In a lot of ways, this is a can't-miss draft for him.

Just take a look at the Giants from 2012 through 2018: a mess with just two winning seasons and one trip to the playoffs in seven years, and four seasons of double-digit losses. They had so many bad drafts during that span (and even before) under former GM Jerry Reese and his top scouting lieutenant, Marc Ross, that the Giants were forced to spend wildly in free agency in 2015.

That paid off for one 11-5 season and a blowout loss in the playoffs. Now, those bloated contracts and overpaid players are exactly what Gettleman has been trying to purge.

All four of the Giants' Super Bowl championship teams were built on the foundation of strong drafts. The latter two definitely had some key free agents, but the draft picks were the core.

Gettleman thinks he has some core players from his first draft with the Giants last April: Saquon Barkley (first round), guard Will Hernandez (second) and defensive tackle B.J. Hill (third).

But the core draftees from the Reese era that he felt were worth keeping around were limited: tight end Evan Engram (first round, 2017), defensive tackle Dalvin Tomlinson (second, 2017), receiver Sterling Shepard (second, 2016) ... and really, that's it.

This is Gettleman's chance to replenish that diminished supply with the types of players and characters he wants, ones who fit into his plan. Unless he goes for a Quarterback of the Future, he should find three instant starters out of his first four picks, and probably another three or four players who can at least compete for a starting job.

That's huge if that happens. The Giants haven't had that kind of return on a draft class since Reese's inaugural draft, when seven of the eight players he selected in the Class of 2007 offered significant contributions to what became a Super Bowl championship team.

Of course, that year, they joined a team much closer to championship level than the current Giants team, so no one is deluding themselves to think Gettleman's picks can push them over the top. But he certainly could push the "building" project along, skipping several steps on the Giants' way back to the top.

But yes, it could take a few years to figure that out. What if the Giants use their picks wisely? What if they get a future Pro Bowl offensive lineman with the first-round pick they got from the Browns, and find a stud pass rusher with the third-round pick.

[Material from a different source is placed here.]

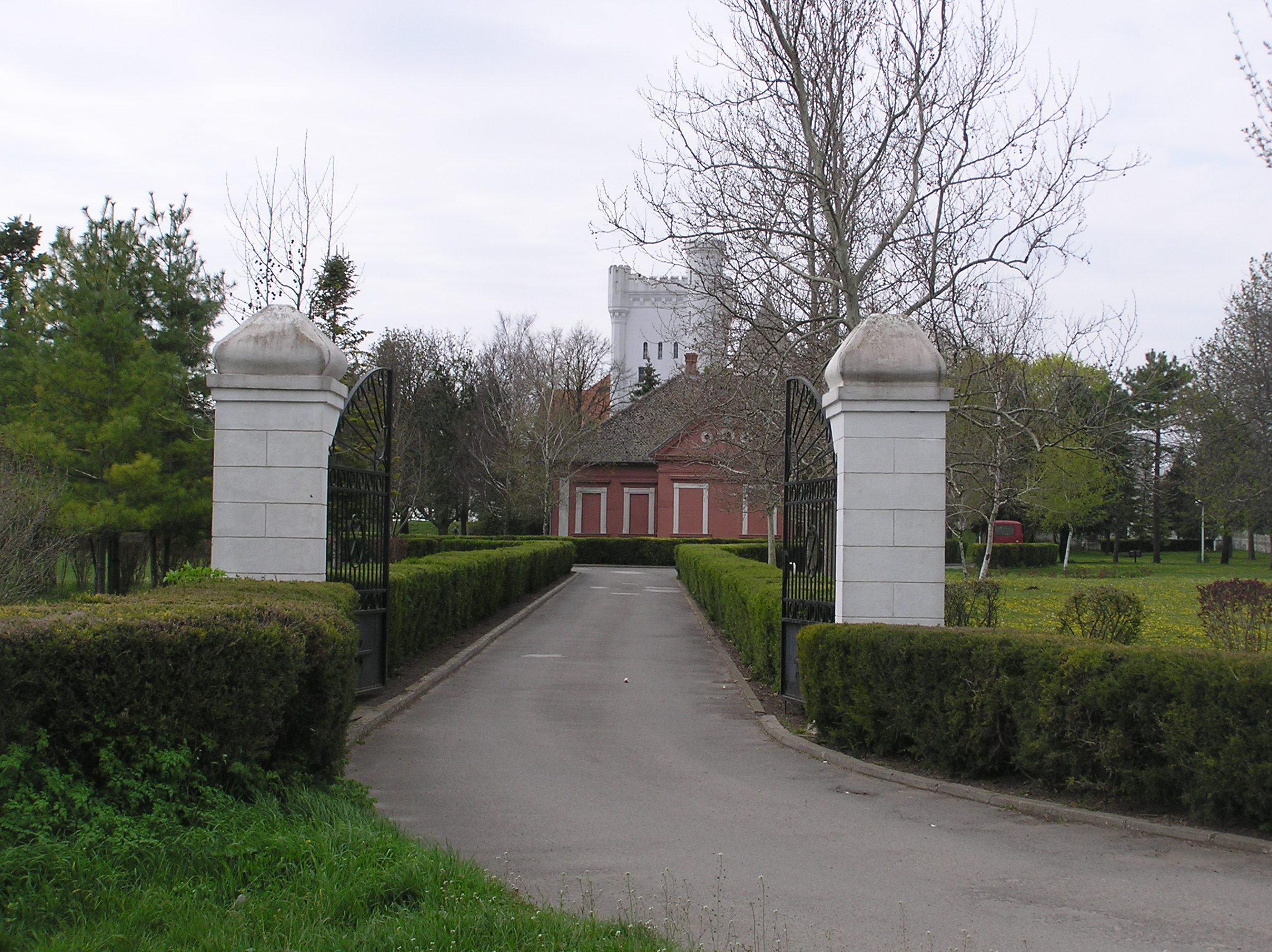 Dunđerski castle (Fantast), near Bečej, Serbia

Add that to a 23-year-old Peppers, and suddenly the return on Beckham doesn't look so bad.

Or, at the very least, then it looks better. But the point is, no one knows what Gettleman really got for his efforts now. He loaded up on picks by dumping Beckham, cornerback Eli Apple, defensive tackle Damon Harrison and linebacker Olivier Vernon, and he could end up getting a better comp pick back for his decision to let safety Landon Collins walk.

Those picks aren't nothing. In fact they could be everything.

Gettleman just can't afford many mistakes next month whenever the Giants are on the clock.